Rugby: Ireland to Practice Holding Ball

Posted on Feb 26, 2013 in News

 
 

It has emerged that Ireland rugby players will spend the next two weeks learning how to hold and throw a ball after another defeat in the Six Nations Championship at the weekend.

 The Irish Rugby Football Union has demanded that players who earn hundreds of thousands of euro a year each take a specialist courses in “Ball Holding and Throwing” it became clear that they were having serious issues with basic skills. The course will involve them standing still on a field and holding the rugby ball for hours at a time.

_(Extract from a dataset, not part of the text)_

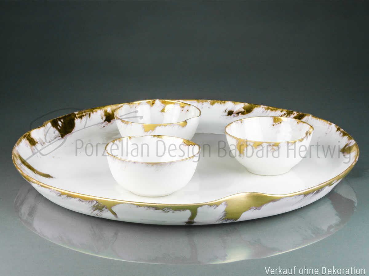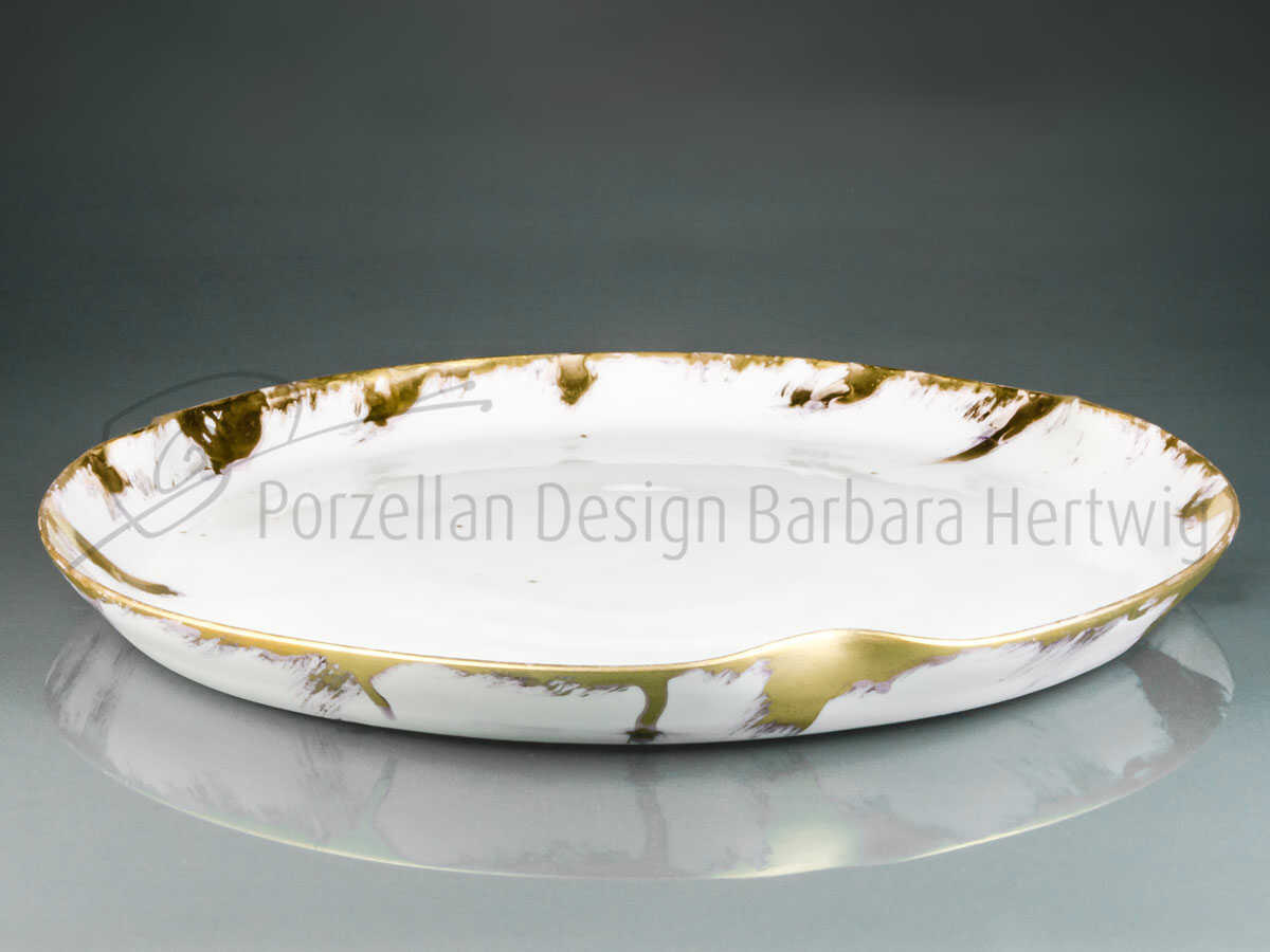 Goldschale aus der Kollektion Medusa (Ø ca. 32 cm). Die Kombination von kühlem Porzellan und handveredelter Goldauflage geben jedem besonderen Moment einen Hauch von Luxus. Ob als Lichtschale, für Obst, Gebäck, Konfekt … – kultivierter gehts nicht!

He nearly had it: Sexton tries to teach a young lad not to drop the ball

A more advanced course will then see players being played random noises through headphones whilst they hold a ball. Players will receive a certificate of competence if they don’t drop the ball.

Players looked dejected at the final whistle in Murrayfield where Ireland lost 12-8 to Scotland. The game ended when one Irish player was unable to complete a complicated “catch task”.

A spokesman said, “we have been stressing to the players from a young age that the objective is to throw the ball TO another player and not at the ground and most of them are still finding this very difficult despite the large amount of money we give them.”


Mike McCarthy drops the ball


Rugby relies heavily on human’s primary motor neuron skills and eye-hand co-ordination to catch the large foot-long ball – something Ireland’s professional players have been struggling with of late.

“Catching is a very hard skill to learn”, said one frustrated player after Sunday’s game, “most people wouldn’t realise it until they try it. It’s easily as hard as not dropping your lunch tray in the canteen or holding on to your poo when you're not in a toilet”.



He-Slip: Captain Droppy drops the ball.


The IRFU is said to be considering a change of coach as current Cork bainisteoir Declan Kidney has spent over three years trying to teach players to throw, catch and hold a ball with only moderate success.  

A source close to the coach said “sometimes the players remember but recently they’ve been forgetting a lot. Dropping the ball just seems like more fun so it’s hard work trying to encourage them not to do it.”



And again a few minutes later

Others believe that Ireland rugby players may be spending too much time in front of mirrors practicing cringing “hard faces” for advertisements instead of practicing the three crucial skills of throwing, catching and holding.